What the exercise asks
Retype only what runs from the beginning of the data through the line with "Forme: Ronde Dimension: 30'"; please omit the pictures and keep every line exact.

··· Information ···

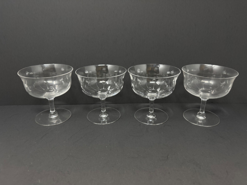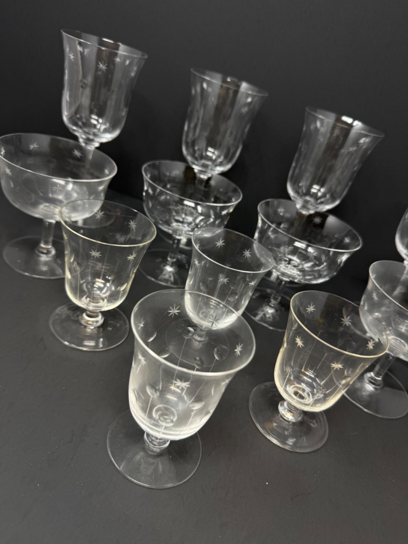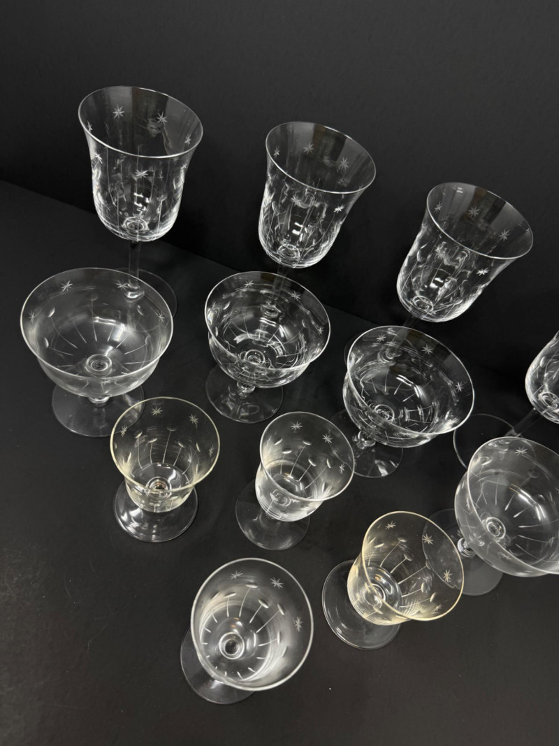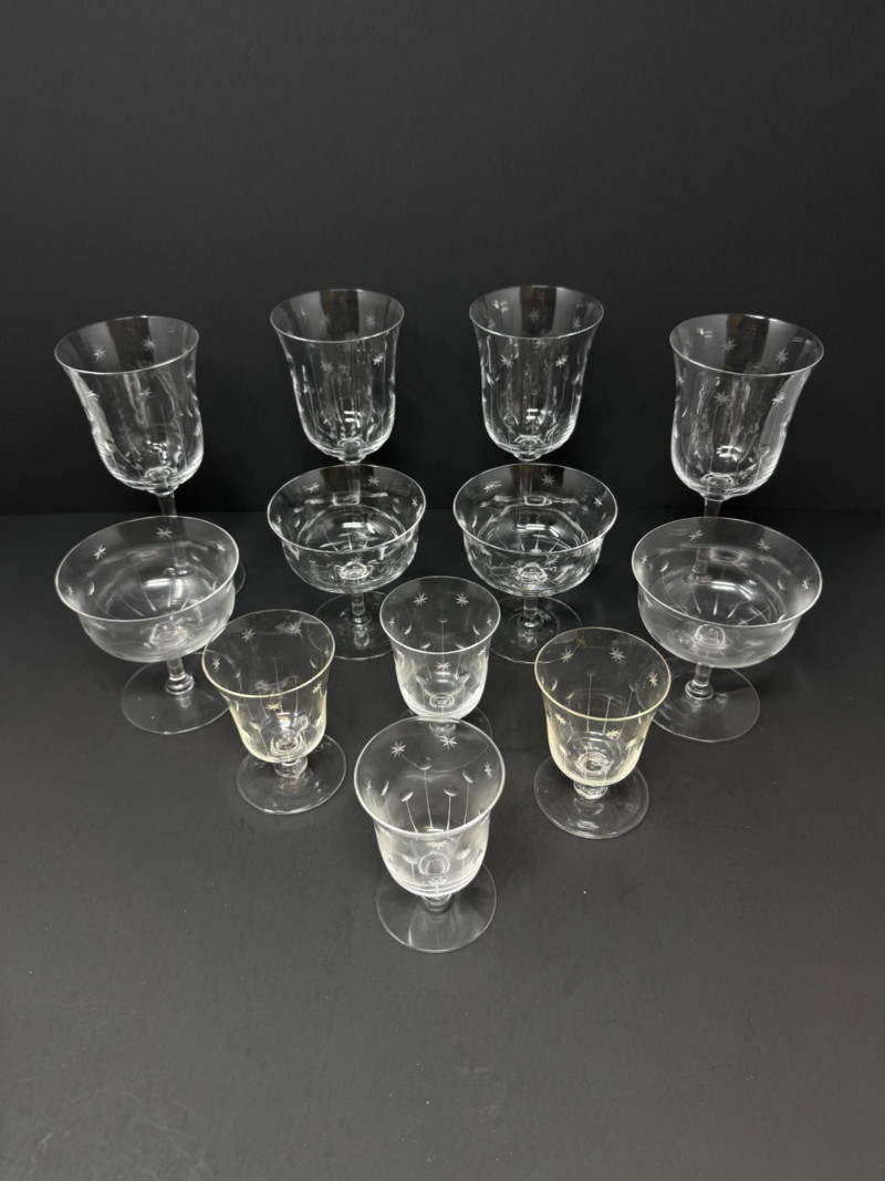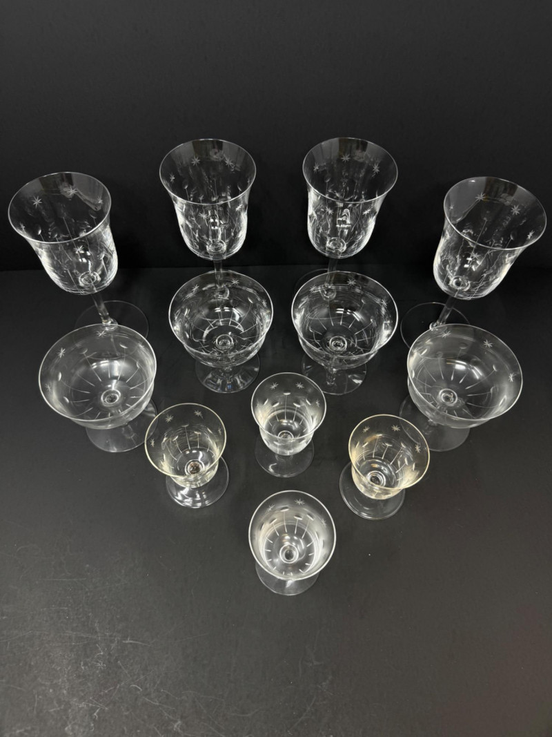 Lot # 64 - 12 Vintage Etched Starburst Glasses – Wine, Cocktail & Cordial
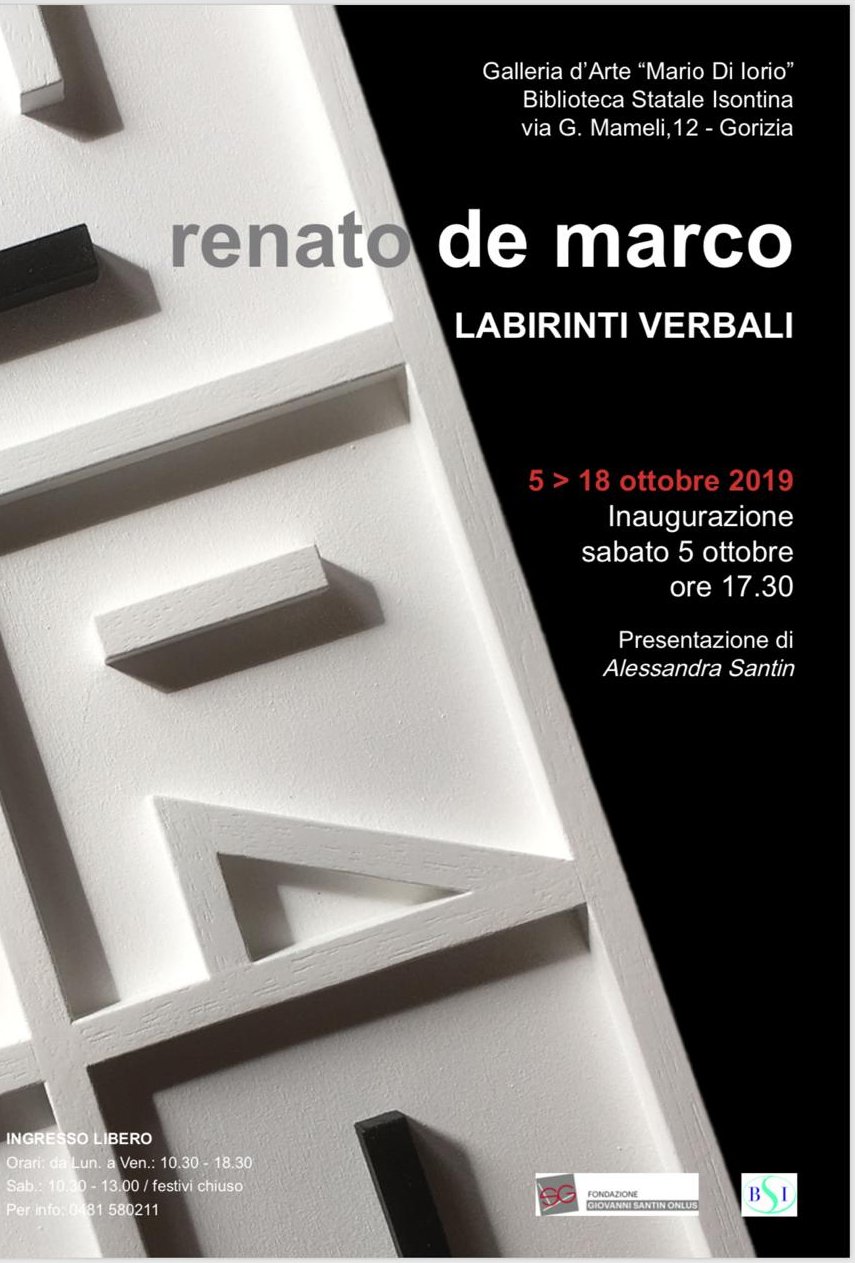RENATO DE MARCO LABIRINTI VERBALI Ott 5 RENATO DE MARCO LABIRINTI VERBALI 5 Ottobre, 2019 - 18 Ottobre, 2019
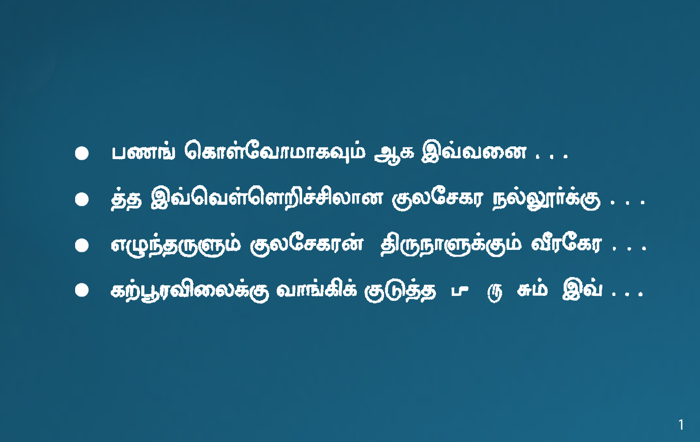 | கல்வெட்டுமின்னுருவாக்கப்பட்டது/ சேகரிக்கப்பட்டதுநிறுவனத்தின்பெயர் | தமிழ்நாடு அரசு தொல்லியல் துறை |
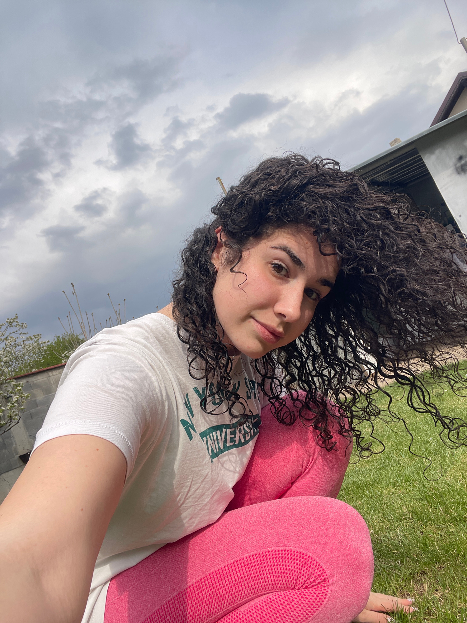 An overhead-style self-portrait captures a young woman outdoors, positioned as if lying on her back or leaning back significantly. Her dark, voluminous curly hair spreads around her head, contrasting…read more
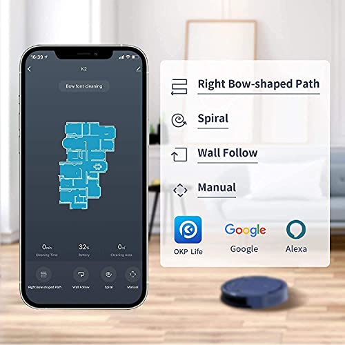 - 💡Smart App & Easy Control:You can easily create a home clean schedule, change the clean mode, and control the clean direction by using the OKP app. The auto vacuum cleaner robot is also compatible with Alexa and Google Assistant, allowing users make the robot start and stop the clean by voice commands. Use robots to save you time and energy!
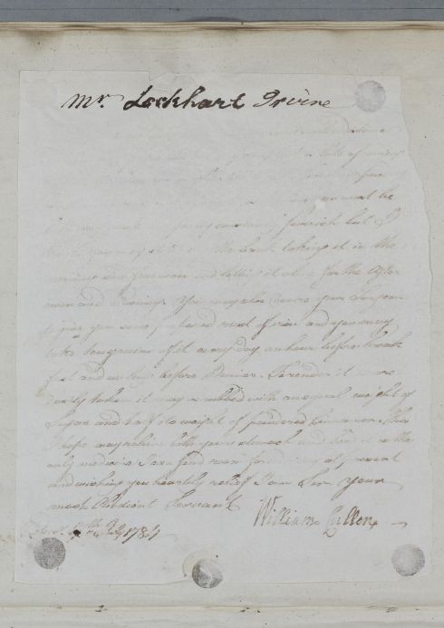 [ID:4876] From: Dr William Cullen (Professor Cullen) / To: Mr Lockhart / Regarding: Mr Lockhart (Patient) / 17 July 1784 / (Outgoing)
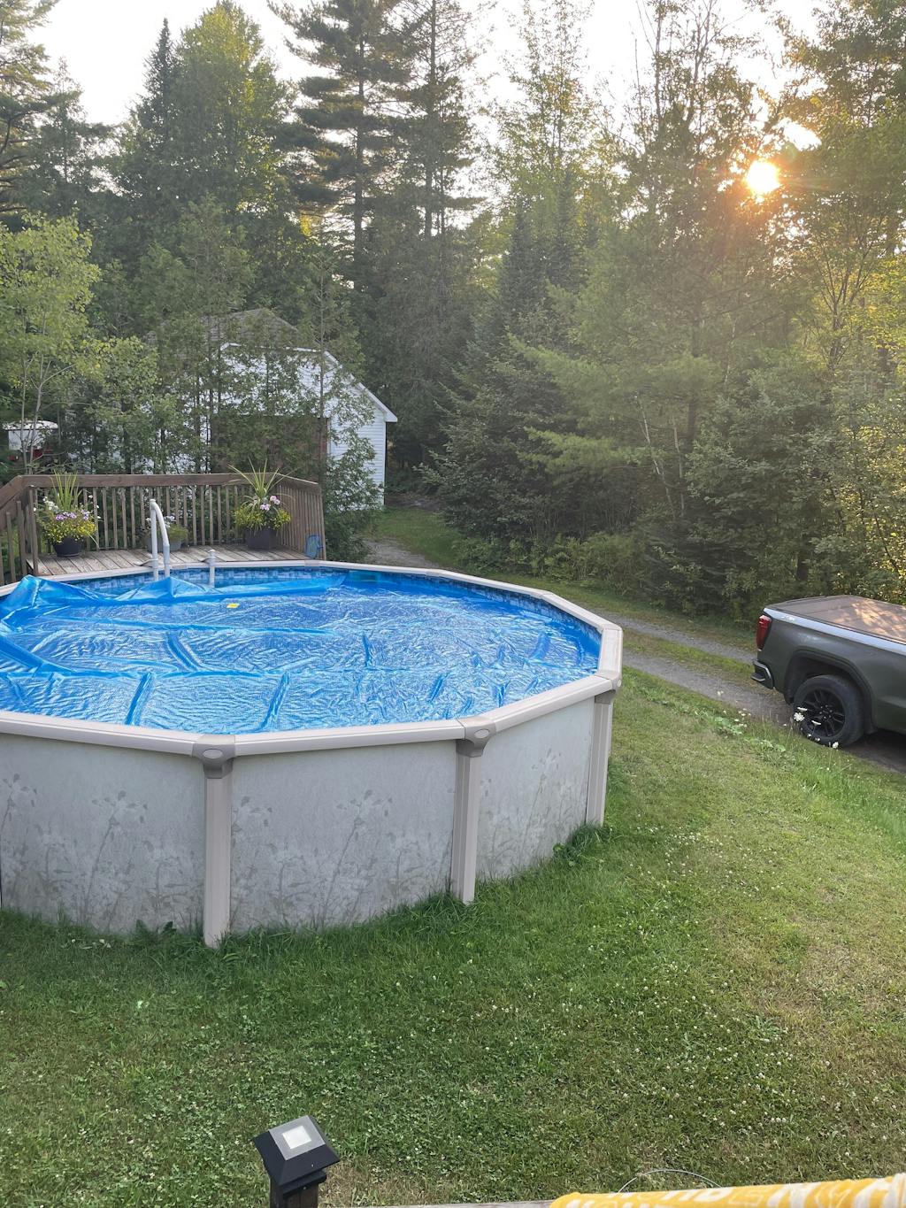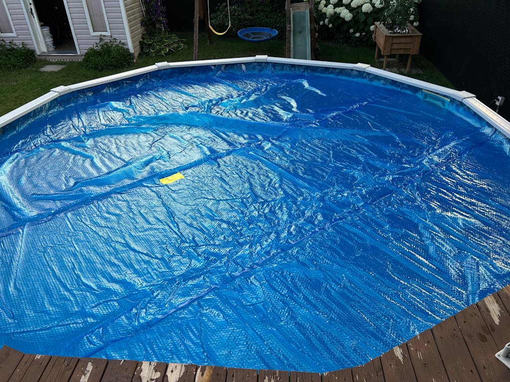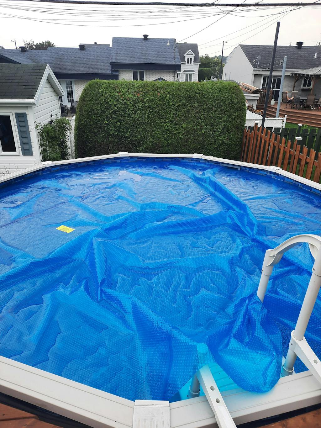 Forme: Ronde Dimension: 30' Épaisseur: 7 mil Matériau: Polyéthylène, résistant au chlore et aux UV
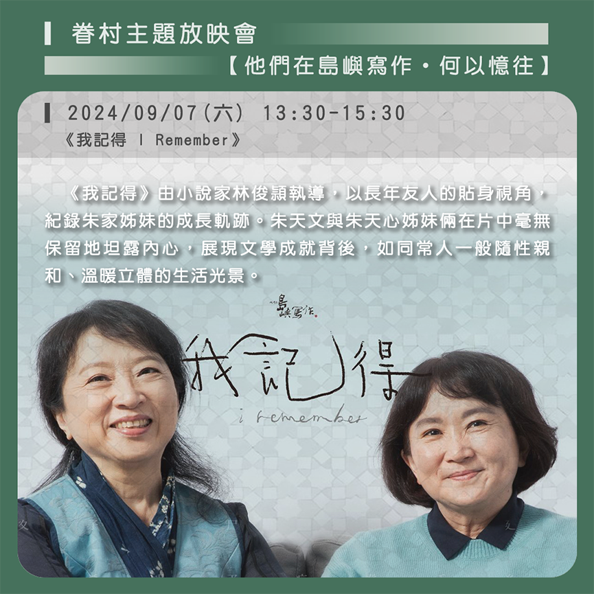 放映會以「他們在島嶼寫作・何以憶往」為主題,播映紀錄片《我記得》,由小說家林俊頴執導,以長年友人的貼身視角,紀錄朱家姊妹的成長軌跡。姊妹倆在片中毫無保留地坦露內心,展現文學成就背後,如同常人一般隨性親和、溫暖立體的生活光景
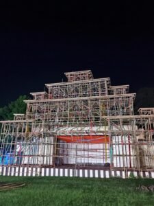 पैराडाइज प्रेक्षागृह के प्रांगण में एक आकर्षक एवं भव्य पंडाल का निर्माण कार्य तेजी से चल रहा है।उक्त आशय की जानकारी देते हुये समिति के सचिव समित मण्डल ने बताया कि समिति के सदस्यों एवं कलकत्ता से आये हुये दर्जनों कुशल कारीगरों ने गोपाल मुखर्जी के नेतृत्व में पंडाल विशेषज्ञों द्वारा किये जा रहे दिन-रात मेहनत से तैयारियाँ अंतिम चरण में पहुँच चुकी हैं।वही बंगाल से आए मूर्तिकार मूर्तियां तैयार करने में लगे हैं।कारीगरों द्वारा इस बार लगभग 65 फ़ीट का भव्य पंडाल का निर्माण किया जा रहा है।
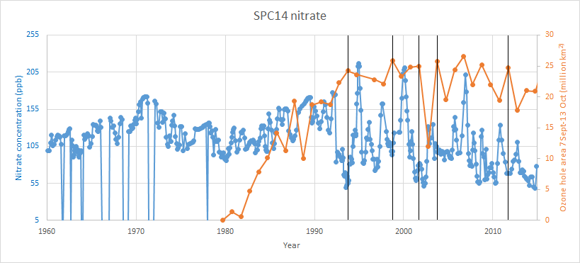 Regarding the nitrate, it may be useful to know that the typical concentration in the SPC14 core is about 80-100 ppb; it does peak in summer, but this is very variable, very rarely there can be 20 ppb annual variation (between local summer and winter) but normally it is less, and often imperceptible or practically imperceptible at a few ppb or less, so it’s likely that most nitrate is far-travelled. Volcanic nitrate drops can be very large, up to 30 ppb, which is far more than the usual annual variability in nitrate concentration.
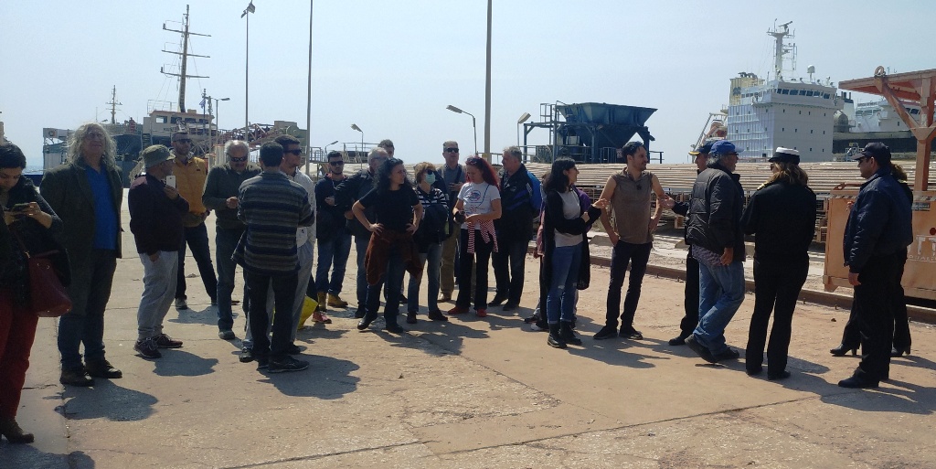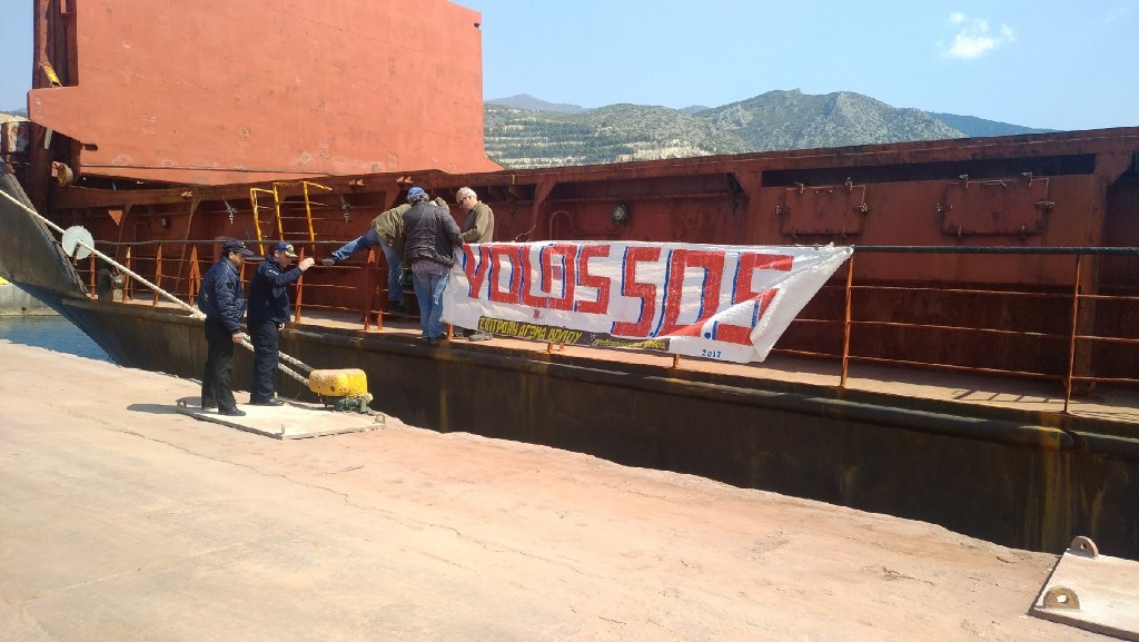 Μετά από κάλεσμα της επιτροπής αγώνα πολιτών περίπου 30 άνθρωποι συγκεντρώθηκαν έξω από το λιμάνι της ΑΓΕΤ και αφού άνοιξε η πόρτα, μπήκαν στις λιμενικές εγκαταστάσεις με πανό, προσέγγισαν το πλοίο, με σημαία Ουκρανίας, το κρέμασαν πάνω στο πλοίο και, έμειναν στο χώρο μέχρι τις 2 το μεσημέρι.

···

Answer box
 Lot # 64 - 12 Vintage Etched Starburst Glasses – Wine, Cocktail & Cordial
RENATO DE MARCO LABIRINTI VERBALI Ott 5 RENATO DE MARCO LABIRINTI VERBALI 5 Ottobre, 2019 - 18 Ottobre, 2019
 | கல்வெட்டுமின்னுருவாக்கப்பட்டது/ சேகரிக்கப்பட்டதுநிறுவனத்தின்பெயர் | தமிழ்நாடு அரசு தொல்லியல் துறை |
 An overhead-style self-portrait captures a young woman outdoors, positioned as if lying on her back or leaning back significantly. Her dark, voluminous curly hair spreads around her head, contrasting…read more
 - 💡Smart App & Easy Control:You can easily create a home clean schedule, change the clean mode, and control the clean direction by using the OKP app. The auto vacuum cleaner robot is also compatible with Alexa and Google Assistant, allowing users make the robot start and stop the clean by voice commands. Use robots to save you time and energy!
 [ID:4876] From: Dr William Cullen (Professor Cullen) / To: Mr Lockhart / Regarding: Mr Lockhart (Patient) / 17 July 1784 / (Outgoing)
 Forme: Ronde Dimension: 30' Épaisseur: 7 mil Matériau: Polyéthylène, résistant au chlore et aux UV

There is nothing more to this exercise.